The Pro-Choice Action Network sent along extensive evidence supporting specific non-charitable activities that these five groups have engaged in. For example, charities can only devote about 10% of their resources to political activities, under limited circumstances, but it appears that some of these groups may be spending far more than 10%. The list of specific examples of non-charitable activities we documented was long. It included: intervening in court cases in order to change laws or public policy • holding politically-oriented conferences • political lobbying • submitting government briefs urging changes in laws • publishing inaccurate and inflammatory literature • making political and inflammatory statements to the media • condoning the murder of abortion doctors • misleading and inflammatory advertising • participating in illegal protests • publishing and distributing inaccurate and tendentious literature • being sued for slandering an abortion provider. In the case of anti-abortion counselling agencies, non-charitable activities included: refusing to help women who want abortions • providing misinformation on abortion • scare-mongering on the effects of abortion • Christian proselytizing to clients under the guise of providing counselling services • teaching abstinence-only classes in public schools in which zero or negative information on birth control and abortion is given • distributing "educational" materials that are often inaccurate, distorted, inflammatory, emotional, and present only one side of the issue.
We also told the CCRA that we believe anti-choice groups do not qualify for charitable tax status by their very nature, because:
Their anti-abortion purpose has become detrimental to society since the 1988 Supreme Court decision legalizing abortion, and serves no public benefit.
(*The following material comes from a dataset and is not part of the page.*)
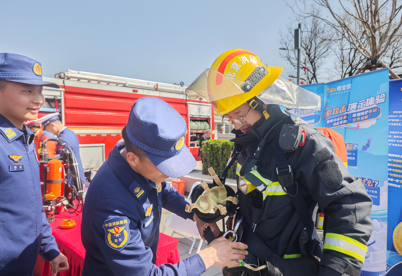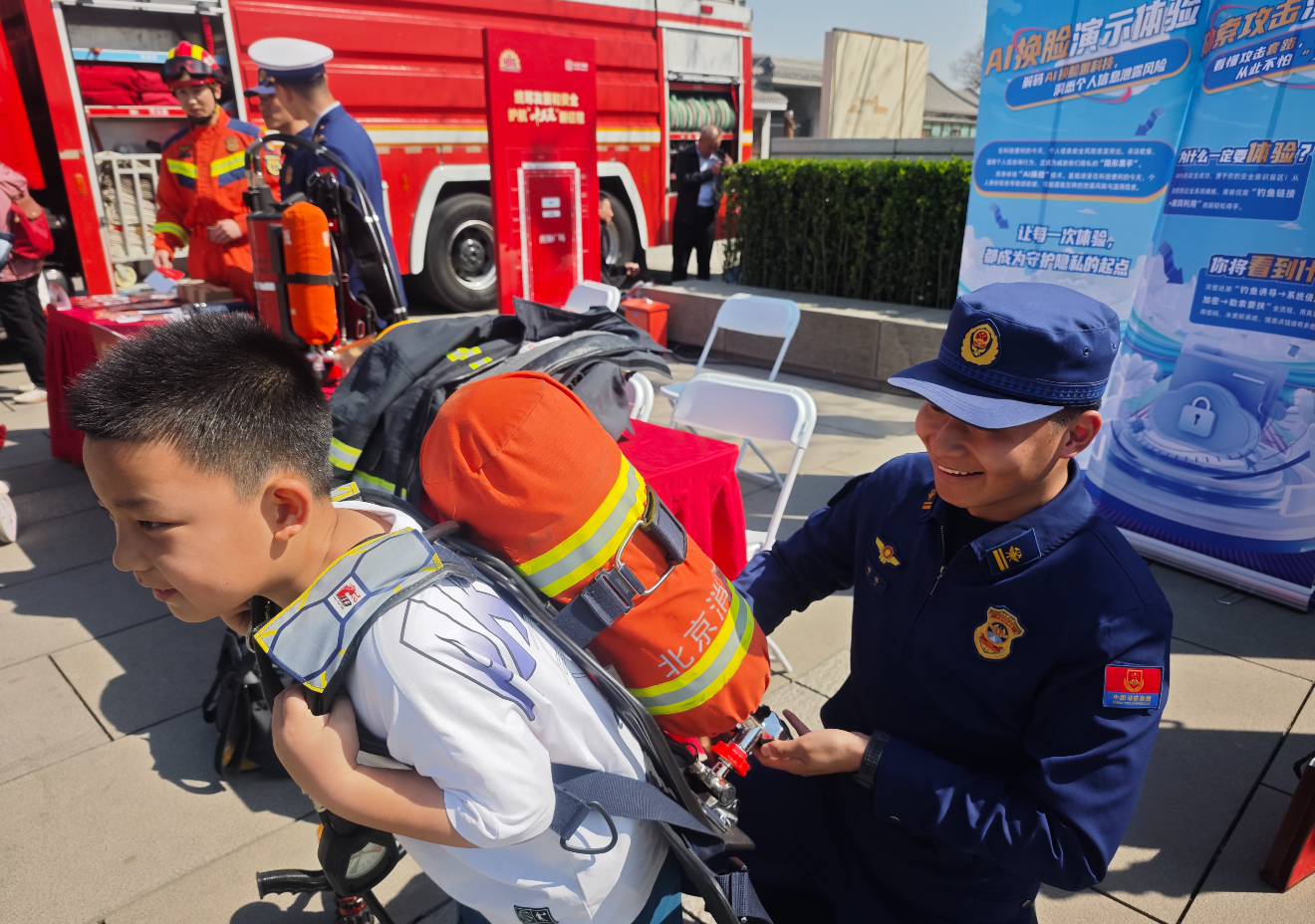 4月11日上午,在丰台区宛平城的醒狮广场,孩子们在消防员的帮助下试穿消防战斗服、学习如何正确佩戴逃生面罩、如何系逃生绳结。支队积极响应区政府号召,在第十一个全民国家安全教育日前夕,参与到“统筹发展和安全 护航‘十五五’新征程”主题宣传教育活动当中。通过向居民发放家庭消防安全宣传资料,开展消防知识答题赢刮刮卡活动,向辖区居民们科普日常用火用电等消防安全基础知识的同时,有效调动居民参与热情,进一步提高了广大居民群众的消防意识,达到“一人学习、带动全家、教育大众”的目的。

Charities must benefit the public.
Their de facto purpose is to change laws to make abortion illegal again, or at least restrict abortion services by changing current public policy. Charities cannot do this.
They espouse a specific cause and seek to sway the public to their point of view. Charities cannot do this.
Their activities do not meet CCRA's definition of educational activities. Their “educational” materials are mostly tendentious propaganda, consisting of opinion, misinformation, and appeals to emotion. CCRA specifically prohibits this.
They distort the issue of abortion when presenting the “other side”. CCRA says that charities involved in controversial social issues must present both sides objectively and fairly.
They advocate for the “unborn” but charitable advocacy must not be on behalf of “narrow, sectional interests.”
They contravene international human rights documents by not recognizing that women have a right to unbiased information on reproductive services and access to those services, where legal.
“Charitable” anti-abortion groups exploit an unfair and unethical tax advantage and enjoy higher donation rates compared to pro-choice groups. Charitable donations reduce the amount of tax the government collects, meaning everyone has to pay more taxes to make up for it. And research shows that people donate three times as much money when they can claim a charitable tax credit than when they can't (Ottawa Citizen, April 22, 1995).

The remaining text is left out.